Эмма встряхивается и старается быть внимательнее.
Сначала она думала, что будет хуже относиться к наставнику, но этого не случилось. Эмма не нашла в себе ни любви, ни ненависти к Паэтусу, а потому не смогла возненавидеть Августа. Кроме того, в чем он был виноват? Его отношения с хозяйским сыном длились уже давно, начавшись задолго до того, как Эмма появилась в лудусе. И Август предупреждал ее, как мог. Его вины ни в чем нет. И если ему нравится то, чем они с Паэтусом занимаются…
Август задевает ее плечо острием меча, оставляя неглубокий порез, и тут же вскидывает руки.
– До первой крови, Эмма, – говорит он. – Ты проиграла.
Эмма не удивлена. Ее голова забита чем угодно, но только не жаждой победы. А игры все ближе. Нельзя расслабляться.

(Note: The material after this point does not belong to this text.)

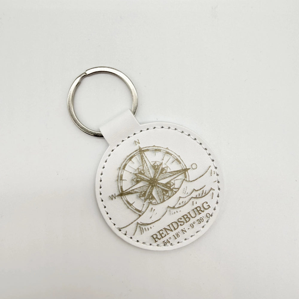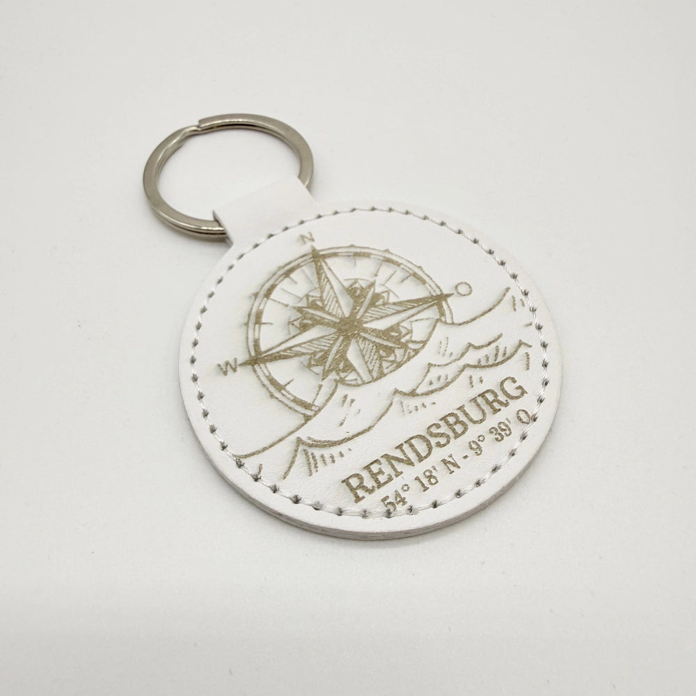 Schlüsselanhänger aus Kunstleder "Rendsburg Kompass" ist ein Statement für deine Verbundenheit zur Stadt Rendsburg. Mit kleinem Fach auf der Rückseite für z.B. Transponderchip oder Einkaufswagenchip. Jedes Stück ist ein Unikat und wird in unserer Werkstatt individuell für dich graviert.

Она зажимает рану ладонью, потом отнимает ее и рассматривает свою кровь. Вообще крови сегодня слишком много. И снова пригождается платок, данный Региной.
Чем ближе ночь, тем больше нервничает Эмма. Капито не ее друг, не ее родич, но от мысли, что все идет как-то неправильно, не получается отделаться. И когда до Эммы, сидящей у себя в комнате, доносятся возбужденные голоса, она немедленно выглядывает и видит, что гладиаторы, переговариваясь и смеясь, направляются к лестнице. В толпе Эмма видит Галла – рослого, довольно неуклюжего гладиатора, для которого Аурус поленился придумать имя, и все теперь точно знают, из какой страны Галл сюда прибыл – и бежит к нему, на ходу спрашивая:
– Что происходит?
Она уже знает, что. Колотящееся сердце подсказывает ей, что расправа близка.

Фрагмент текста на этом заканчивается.